*What you need to do*:
Take from the entries below the stretch from the line with "The City of" through the line with "Cameroon has $22.8B", and return it exactly, leaving the pictures out.
::::::::::
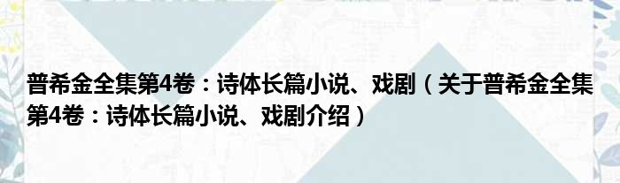 1、 《普希金全集第4卷:诗体长篇小说、戏剧》是浙江文艺出版社出版的图书,作者是(俄罗斯)普希金。
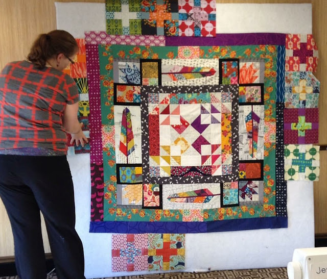 I'm in the middle of my epic Anna Maria Horner quilt, and I'm loving every second (even though it sat in time out for a good year and a half). Here's a snapshot of me working on it at our recent CJMQG retreat (thanks Laura!).
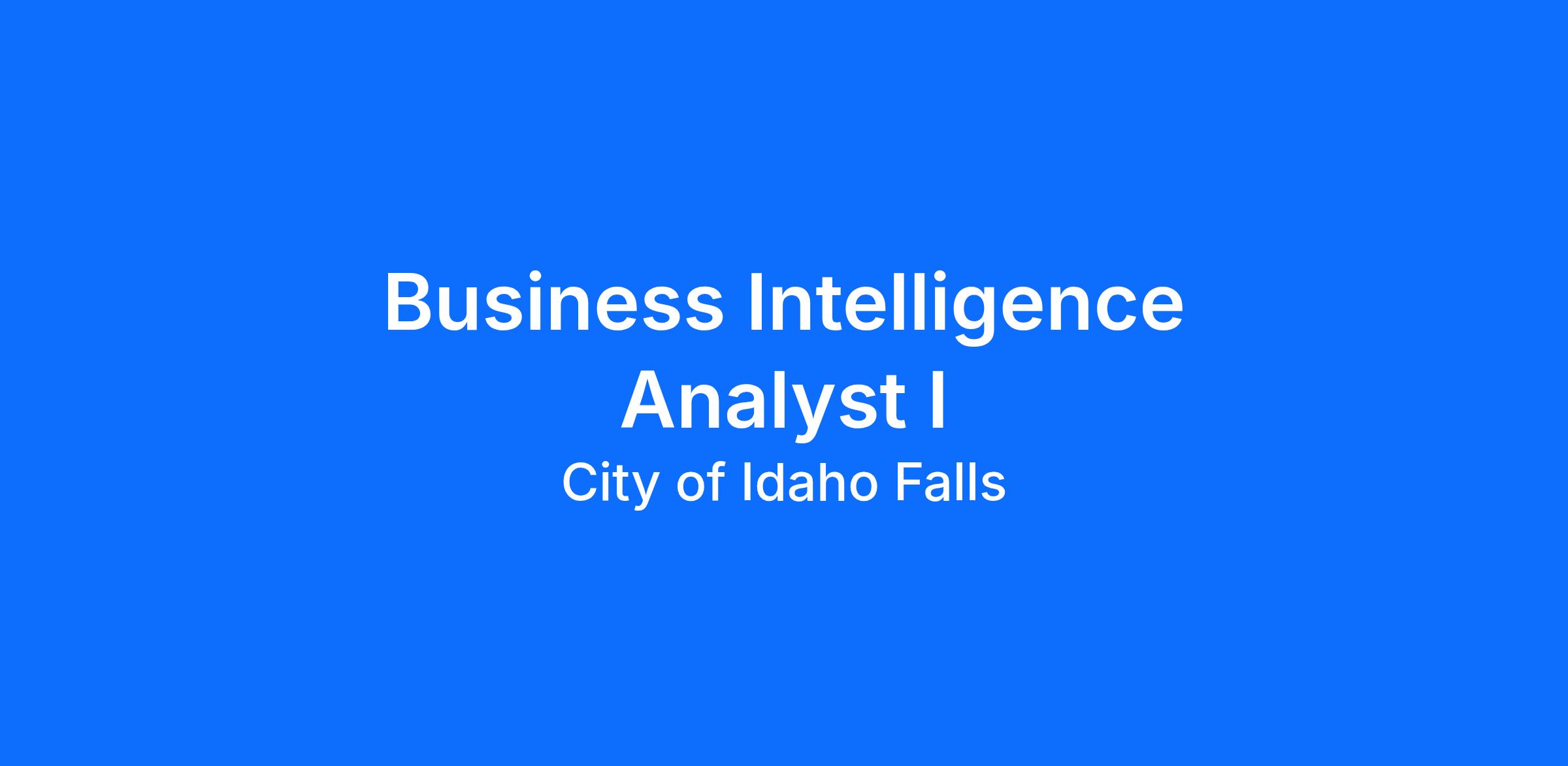 The City of Idaho Falls is accepting applications for a Business Intelligence Analyst I. This position is responsible for many complex technical duties related to the day-to-day operations of the city's ERP software and associated reporting. Installation and maintenance of City Information Technology systems and operations; including, software deployment, database maintenance, and reporting tools. This position may be required to take scheduled on-call for the city IT help desk rotating schedule.
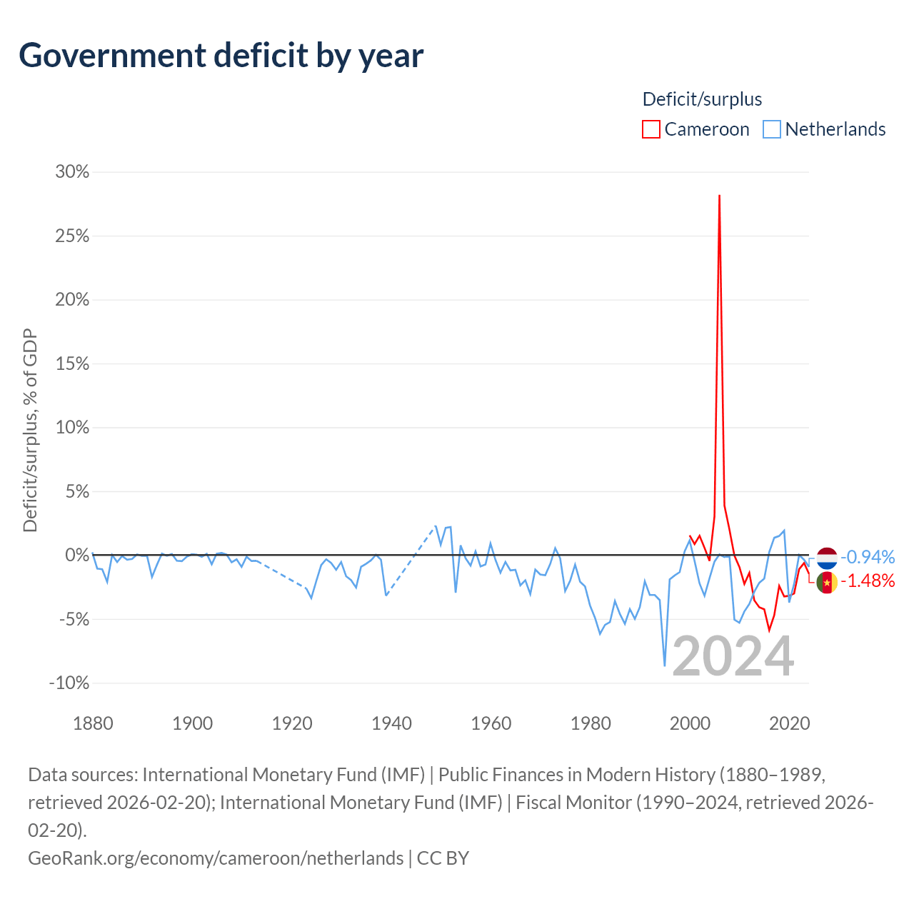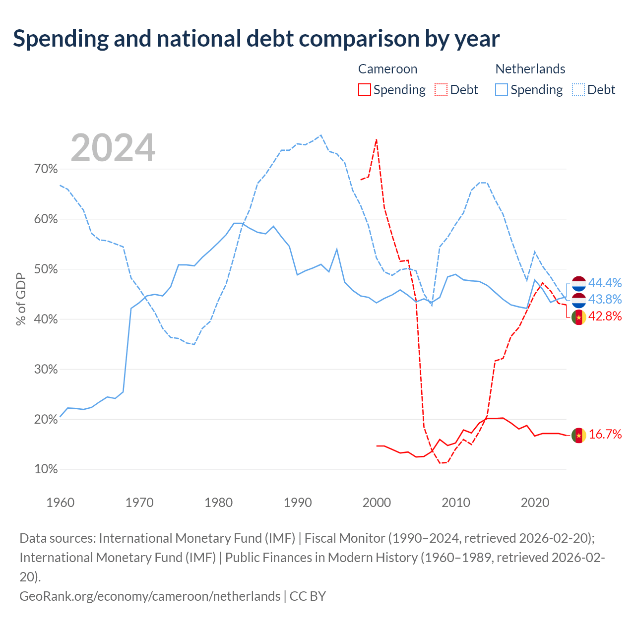 Cameroon has $22.8B in government debt (42.8% of GDP), compared to $532B (43.8% of GDP) in the Netherlands.
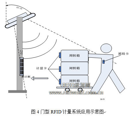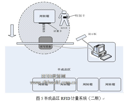 在廣西鞋業的RFID生產制程管控一期實施中,使用了RFID技術進行各工序的計量。其方案如下:在半成品區前面有RFID計量系統,系統的RFID讀寫設備與計算機通過以太網連接。當某個班組完成一定數量的半成品加工后,將規定數量半成品放置在半成品周轉箱內,并在箱上掛計量卡(每張標簽代表一定批次及數量),執行周轉操作的員工同時佩帶班組卡,在經過RFID計量系統進入半成品區時,操作員工首先通過門型計量系統,確認RFID讀寫設備識別到班組卡后,再回來拖動周轉箱通過統計門,RFID讀寫設備識讀所有批量卡。讀寫設備連接的計算機將識讀的班組卡和計量卡信息按對應關系上傳給ERP管理系統。
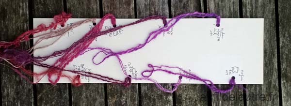 Quand les journées auront 26 heures, je testerai aussi la résistance au lavage avec le test assez simple mais fastidieux qu'on apprend chez Jenny Dean : coudre les fils teints entre deux épaisseurs de coton très blanc, les passer en machine et évaluer les possibles traînées. Pour le test lavage classique, c'est on ne peut plus simple: laver la moitié du fil et pas l'autre. Plus simple, y a pas.
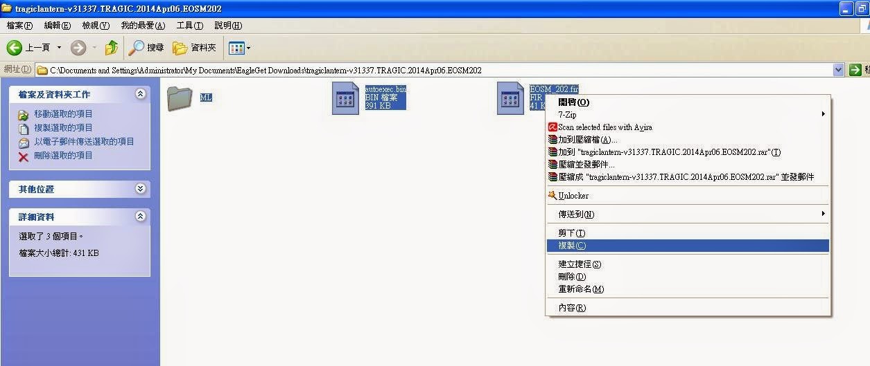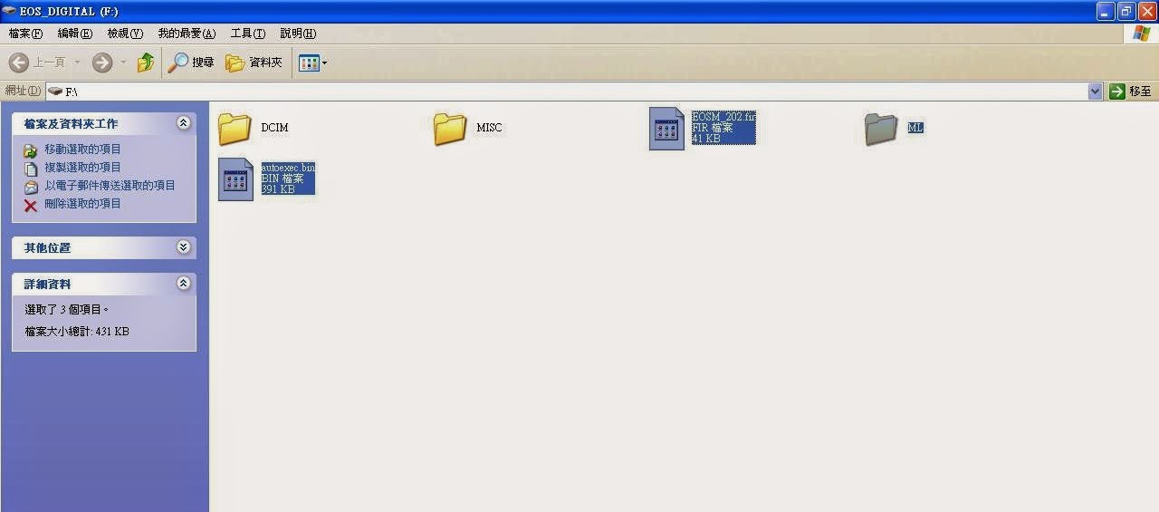 4.然後把SD卡取出後,再把在Magic Lantern抓到自己型號的程式解壓縮後複製到SD卡中
::::::::::
*Exercise response*:
 The City of Idaho Falls is accepting applications for a Business Intelligence Analyst I. This position is responsible for many complex technical duties related to the day-to-day operations of the city's ERP software and associated reporting. Installation and maintenance of City Information Technology systems and operations; including, software deployment, database maintenance, and reporting tools. This position may be required to take scheduled on-call for the city IT help desk rotating schedule.
 Cameroon has $22.8B in government debt (42.8% of GDP), compared to $532B (43.8% of GDP) in the Netherlands.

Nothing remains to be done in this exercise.